En ese contexto de desparpajo, crudeza, simplificaciones, entra Fernanda del Carpio al ser traída
de un glacial pueblo del interior del país por Aureliano Segundo, un rico ganadero costeño de
Macondo, dado al acordeón y al deleite, quien queda deslumbrado por su belleza en un desfile de
una de sus parrandas y la pide como esposa. Ella representa lo ultraconservador que, ante la
pérdida de autoridad de Úrsula por su vejez y enfermedad, lucha por imponer a través de rígidos
modales de una nobleza en decadencia, de una aristócrata ya sin dinero, ademanes, formas de
actuar, relacionarse, hablar y hasta de llamar a las cosas, no por su verdadero nombre, sino con
eufemismos; él, representa el peso cada vez mayor de la mundanalidad en la burguesía.

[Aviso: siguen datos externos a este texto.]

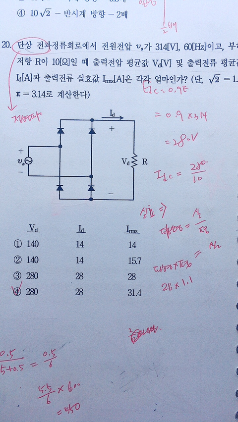 0.9E가 아닌 정현파 평균인 (2/파이)*E최대 로 못푸나요? E자리에 전원전압을 넣으면 안되나요??.. 이렇게 풀면 답이 안나와서요.. 제가 무슨 실수를 하는지 아시는 분 ㅠㅠㅠ 알려주세요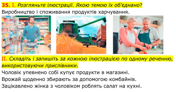 І. Розгляньте ілюстрації. Якою темою їх об'єднано? Виробництво і споживання продуктів харчування. II. Складіть і запишіть за кожною ілюстрацією по одному реченню, використовуючи прислівники. Чоловік упевнено собі купує продукти в магазині. Врожай щоденно збирають за допомогою комбайнів. Зацікавлено жінка з чоловіком роблять салат на кухні.

La fuerza
del etnocentrismo de Fernanda, de su endoculturación, de su extremada religiosidad, se muestra
en esa actitud insolente y paternalista ante la familia Buendía, al verlos como animales que
necesitan de su formación, defendiendo ella la perspectiva de un cachaco con ínfulas de europeo y
unos ritos huecos. Por su parte la familia Buendía ironiza la actitud acartonada con comentarios
hirientes como los de Amaranta o la pasiva insumisión del Coronel Aureliano Buendía.